Hij observeerde deze reflex ook bij patiënten met een hemiplegie, een aandoening waarbij de helft van het lichaam verlamd raakt. Op deze manier vergeleek hij de respons van de tenen van de aangedane zijde met de respons van de intacte zijde, waarbij hij de gezonde voet als controle nam..

In een ander artikel over dit onderwerp, gepubliceerd in 1898, benadrukte Babinski het feit van de extensie van de grote teen tijdens stimulatie van de voetzool..

Hij analyseerde de reflex in verschillende klinische situaties, zonder deze terug te vinden bij patiënten met hysterische zwakte. Bovendien zag hij dat het afwezig kon zijn bij mensen met een hemiplegie of een dwarslaesie met verminderde, normale of afwezige myotatische reflexen (die veroorzaakt wordt door het uitrekken van een skeletspier).

Op deze manier verifieerde hij dat de zwakte van de reflex niet direct verband houdt met de intensiteit van de verlamming..

In 1903 publiceerde Babinski een laatste artikel. Daarin beschreef hij dat deze reflex werd waargenomen bij patiënten met veranderingen in het piramidale systeem of met aangeboren spastische verlamming. Ook bij pasgeborenen, bij wie het zenuwstelsel zich nog niet volledig heeft ontwikkeld.

De Babinski-reflex bij een volwassene duidt vanuit fylogenetisch oogpunt op een regressie naar een primair ontwikkelingsstadium, waar het bewegingsapparaat niet volwassen is geworden.

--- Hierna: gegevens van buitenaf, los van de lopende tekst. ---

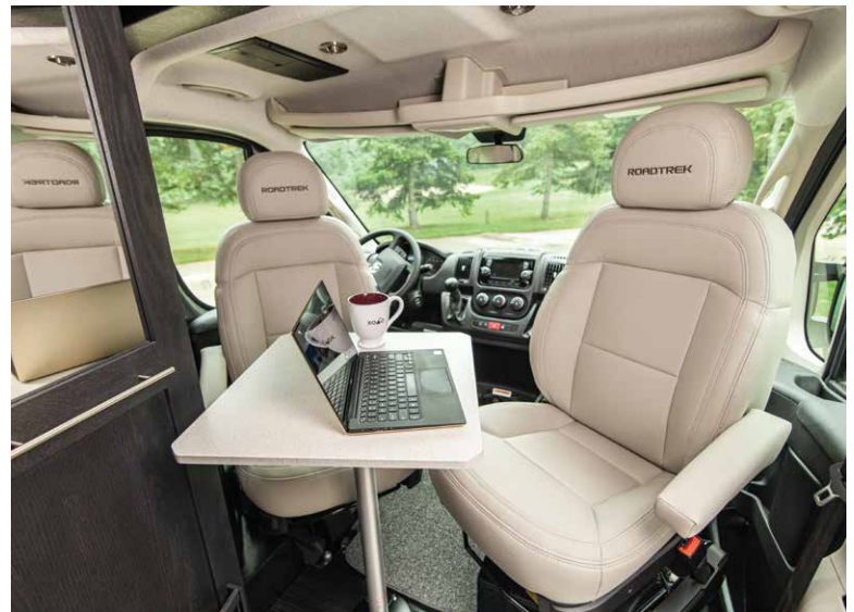
The comfortable and roomy front seating area is a great place to work, eat or just relax.

Hoe wek je de Babinski-reflex op?

Artsen kunnen de Babinski-reflex opwekken tijdens een lichamelijk onderzoek. Om dit te doen, wordt het laterale deel van de voet ingewreven met een plat instrument. Dit is speciaal ontworpen om geen pijn, ongemak of letsel aan de huid te veroorzaken.

Lichte druk of streling van een deel van het been zou ook de reflex kunnen produceren, maar de meest effectieve methode is stimulatie van de voetzool..

Het instrument wordt van de hiel naar voren gepasseerd, totdat het de basis van de tenen bereikt. De Babinski-reflex is duidelijk te zien bij pasgeborenen, zolang het oppervlak niet erg zacht wordt gestimuleerd. Omdat in dit geval een grijpreflex zou optreden.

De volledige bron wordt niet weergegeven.